Cette exposition sur Josef Sudek (au Jeu de Paume jusqu’au 25 septembre) commence par une surprise un peu décevante : jusqu’en 1940, le travail de Sudek paraît plutôt fade, du pictorialisme assez banal, des jolis effets de lumière et de fumée, de nuages et de flou. Et puis, soudain, quand il atteint 45 ans, tout explose, et on se trouve devant une des plus grandes œuvres photographiques du siècle, que rien ne laissait présager. J’aurais aimé lire une analyse (ou un poème …) sur cette révélation tardive.
Et, face à cette magie de l’image, on ne comprend d’abord pas ce qui nous fascine : ce n’est pas la technique, ce n’est pas le sujet. Quoi de plus banal que de photographier le monde extérieur depuis sa fenêtre ? Et pourtant cette série-là est magique.
Quoi de plus simple que de photographier sa ville la nuit, en jouant de la lumière et de la brume ? Quand il le fait en 1918, c’est plat et fade; quand il le fait dans les années 50, on ne peut détacher les yeux de ces images.

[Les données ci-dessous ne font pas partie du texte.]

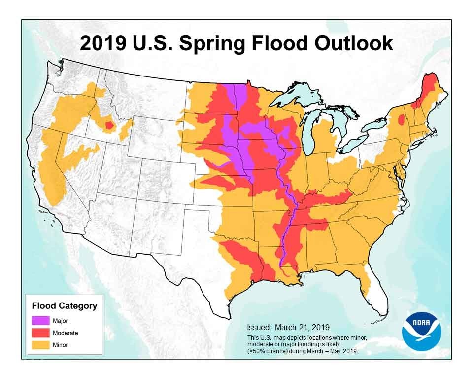 Según se observa en el mapa, los estados que corren mayor riesgo de inundaciones moderadas y generalizadas (ilustradas en el mapa con colores púrpura y rojo) incluyen Minnesota, Iowa, Dakota del Sur y Dakota del Norte, Wisconsin, Nebraska y Missouri. Además, inundaciones menores (amarillas) amenazan a gran parte de los estados al este del río Mississippi, así como a California y Nevada, en la parte occidental de EE.UU.
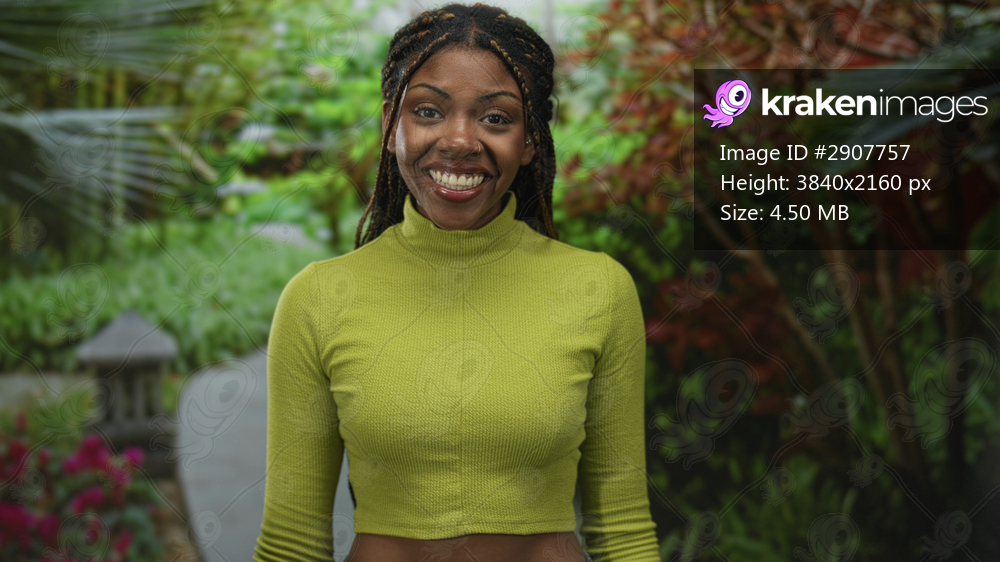 Woman smiling with hands covering eyes in forest wearing green crop top and turtleneck, facing camera; playful confidence.

Lui qui est manchot photographie avec émotion les arbres abîmés, la nature tourmentée, la pollution, et aussi une statue amputée. Il fait des essais pigmentaires, des compositions audacieuses, des panoramiques vertigineux, des objets composites étonnants (en haut).
Beaucoup de ses photographies commerciales sont abstractisantes, mais par dessus tout, ses photographies de verres transcendent l’objet, deviennent des images sans pesanteur, sans matérialité. Mais comment diable fait-il ?
Il faut y aller et y retourner pour se laisser pénétrer par cette magie incompréhensible (seule faiblesse de l’exposition, ses photographies couleur 6 mois avant sa mort, une simple anecdote, à mes yeux).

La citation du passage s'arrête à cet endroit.